先輩は強くなくてもいいんです
校舎裏に来て。
こんな手紙をもらったら、普通は色々な可能性を考えてしまうだろう。男からの手紙だったら、まず行かない。
でも、僕は今紙パックのコーヒー牛乳をもって校舎裏にいる。
晴れ渡る空は、ほとんど雲がない。それがかえって僕の心の中の不安や憂いを増やす。
そんなことを考えながら、僕は視線を下げる。
そこには、段差に腰かけた美少女がいた。
彼女は僕の先輩である。
「先輩、何の用ですか?」
僕はとりあえず、そう話しかけてみる。
先輩は成績優秀、運動神経もいい現生徒会長というハイスペックな人。
ちなみに僕はそんな先輩と同じ生徒会役員で、まあ自分で言うのもあれだけど、そこそこ優秀。
そんな先輩は他人に弱みを見せない。
全部一人でするし、何なら他の人の分まで引き受けたりする。
そんな先輩が僕を呼び出すなんて不思議だ。
「ちょっと相談があってね。
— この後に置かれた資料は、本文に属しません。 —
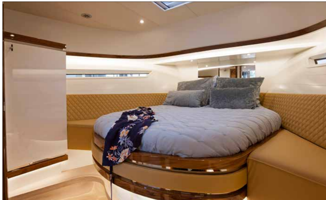
La principale chambre à coucher occupe la pointe avant. Revêtement en cuir fauve, inox miroir et bois vernis donnent le ton.
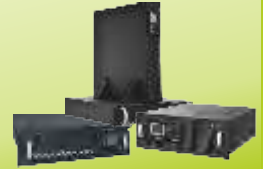
RM SERİSİ, RACK MOUNT UPS RM SERIES, RACK MOUNT UPS 1-10 kVA
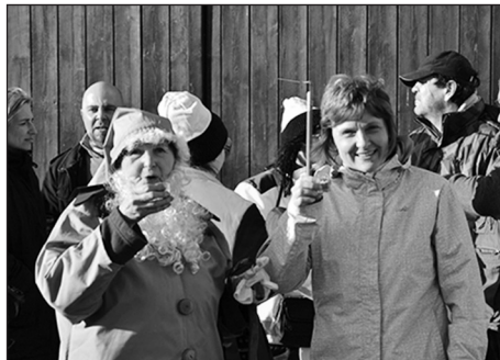
V sobotu 14. února 2015 proběhlo ulicemi Křenovic Vodění medvěda
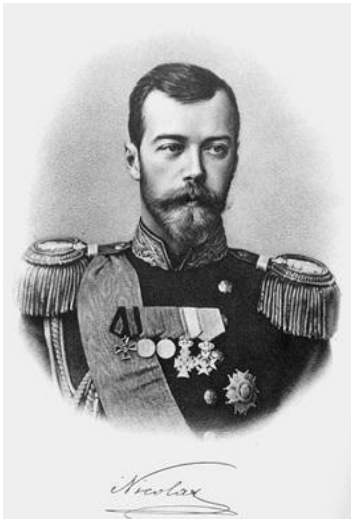
Император Николай II. Литография конца XIX в.
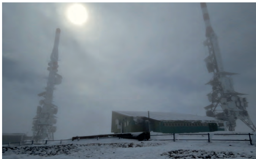
Els dos repetidors a la cota 2440 m, que han substituït l'antiga "Torreta de Rubió".

」
先輩はそう言うと、こちらを向いて微笑む。
だけど、その笑みには全く真実がないように見える。
まるで、何かを隠しているような、そんな感じの笑み。
「相談?珍しいですね。なんですか?」
僕はとりあえず話を聞かないことには始まらないので、話を促すことにする。
「うん、昨日聞いたんだけど、高橋が転校するらしくてね。」
「え?高橋先輩がですか?」
聞き間違いかと思ったが、先輩がうなずいたので嘘ではないっぽい。
確か高橋先輩と先輩は仲が良い女友達で、よく生徒会室に遊びに来ていた陽気な先輩である。
「それで、高橋に「そう…さみしくなるね」って言ったら、「なんでそんな言い方するの」って泣いちゃって、それ以来会えてないんだけど…」
ああ、きっと先輩のことだから、また無表情でそう言ったんだろう。それで「私のことなんかどうでもいいんだ。」って思われちゃったんだなぁ。
「高橋先輩のところに行って、謝って、泣いたらいいじゃないですか。先輩実はとても寂しいんでしょ?」
とりあえず、現状での解決策を出してみる。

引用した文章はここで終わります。